Hesitantly, she glanced at each bottom card of the three collected piles. But, of course, the King of Clubs. Creative, forceful, and charismatic. Duke. And the next one was, predictably, the King of Diamonds. Smart, communicator, diplomatic. Gideon. And then, naturally, the Queen of Clubs – Intuitive, artistic, and reliable.
Reliable? Would anyone with even an average IQ consider her reliable?
Scanning Irina’s well-appointed flat, with the infant Adrian sleeping soundly in one room, Romy grasped that the Queen of Clubs was surely, Irina and not herself.
Huge disappointment came crushing down on her. And she did not know why, since she didn’t believe in fortune telling. Did she?
The fookin’ cards!
Still, there remained one card that determined the fate of the three prior ones, whomever they represented. Some goodly long fifteen seconds passed before she could bring herself to turn over that fourth card, the one atop the three piles, now collected and reshuffled.
Not the anticipated Ace of Spades she turned over but the Ace of Hearts! The highest of happiness – if one but chose rightly. And it was up to her to choose.
She threw the deck against the wall – only to have one flutter atop the table. Aghast, she stared at it, the Ace of Spades.
By God, she would not let cards determine her fate. Nay, her fate would be influenced by Old Duke. She would demand to be rejoined with him before she made her own decision.
§ § §
As the October morning was crisp but rainy, the five met, not in the Café Central’s garden, but inside the hall itself. Over her steaming expresso, while watching Duke add his habitual two spoonsful of sugar to his café noir, Romy told the four she wanted to be reunited with Old Duke before any decision was made.

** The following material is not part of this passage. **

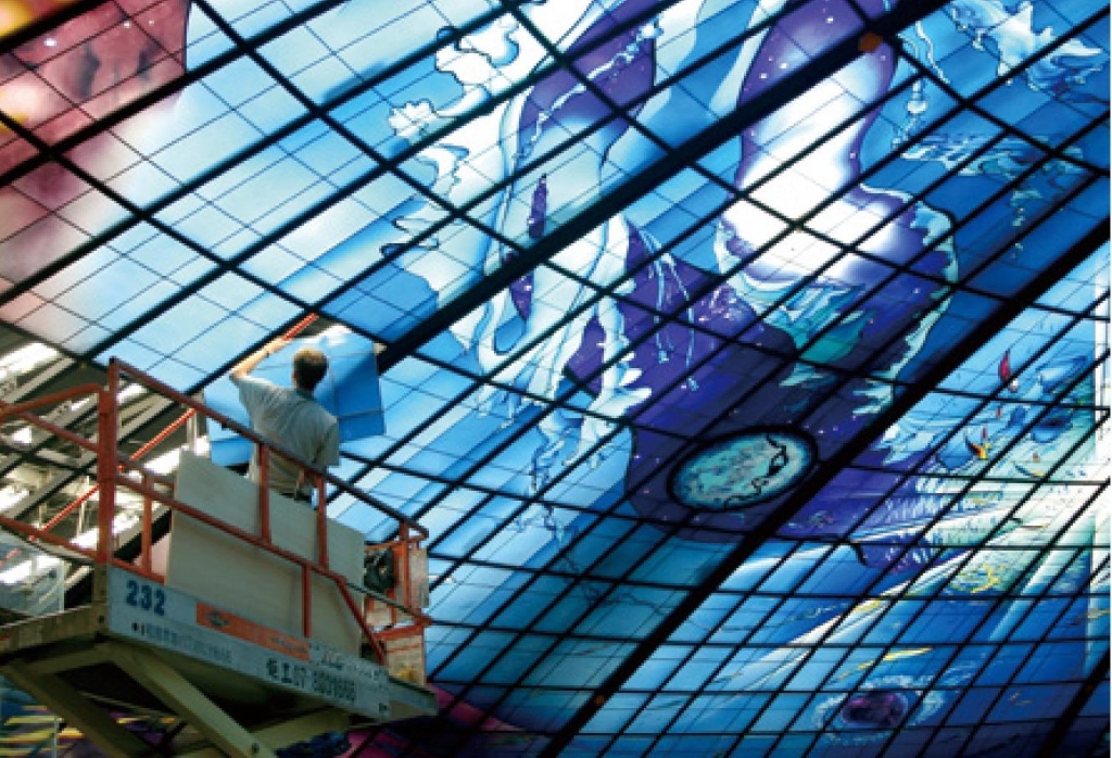在腦中駐足多年的願景是虛擬的現實,衝擊著我的是眼前所見真正的現實,我的心不願輕易放下曾有的想像。不過,在德國玻璃工坊一次只能看到穹頂的一小部分,如今看到我的創作適得其所地悠然漂浮,內心溢滿了喜悅。

“Well, that is easy enough to do,” Irina said, holding up her demitasse cup daintily, with her little finger extended. “Your grandfather and Marta have an apartment near the upper crust Spandau’s Brauhaus. He’s not that far from here. Marta tells fortunes to support them.”

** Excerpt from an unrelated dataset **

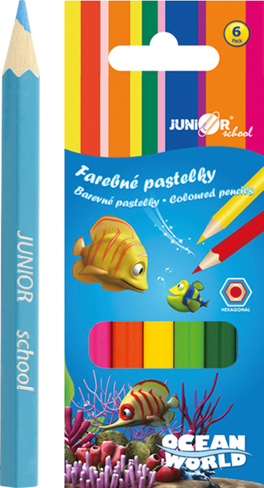Buntstifte farbiges Holz kurz Ocean World sechseckig 6 Stk. in Schachtel 4,5x11x1cm 24 Stk. im Karton

“Marta?” Romy asked, “Warty old Marta?”
Irina smiled serenely. “One and the same.”
The gothic Brauhaus was cited as the oldest building in Berlin, part of Spandau’s Renaissance fortress on the Haver. Once again, an in-your-face hiding spot. Together, the five climbed the creaking wooden stairs to the second floor flat.
When Marta opened the door, Romy thought the old woman had to keep Maybelline in business.
Beyond the heavily made-up old woman, a vision of familiar carnival duplicity presented itself to Romy’s innate skepticism, although a mark would behold with wonder the room’s multi-colored veils and scarves and crystal balls and be caught off guard by the strong smell of patchouli that rendered a pleasurable feeling. It also masked the smell of pot.
Then, too, the carnival-like mystery tended to attract fae creatures, flawed like Old Duke, Marta, and, most of all herself.
At once, her muscle-knotted shoulders lowered, at ease. She grinned at the mummified Marta, replete in gold headscarf and a flounced and sequined, long-sleeve dress. “So, ye did it, did ye? Outwitted those fookin’ SS troopers?”
Marta hugged Romy fiercely, her answering grin displaying a scattering of teeth. “Old Duke pulled off the sleight of hand. Told them we were infected with the white plague. Guess they figured it was a waste of their bullets to kill us then and there.”
Marta looked past Romy, Irina, and Giorgio, sighting the other two men. “You bring customers?” And before Irina could reply, Marta bobbed her scarfed head at Gideon and Duke. “Those two there will light a woman’s fire. Don’t need no crystal ball for that.”
“Collaborators, not customers,” Giorgio hissed in a lowered voice. “They are here to help get Old Duke’s grandson out of Sachsenhausen.”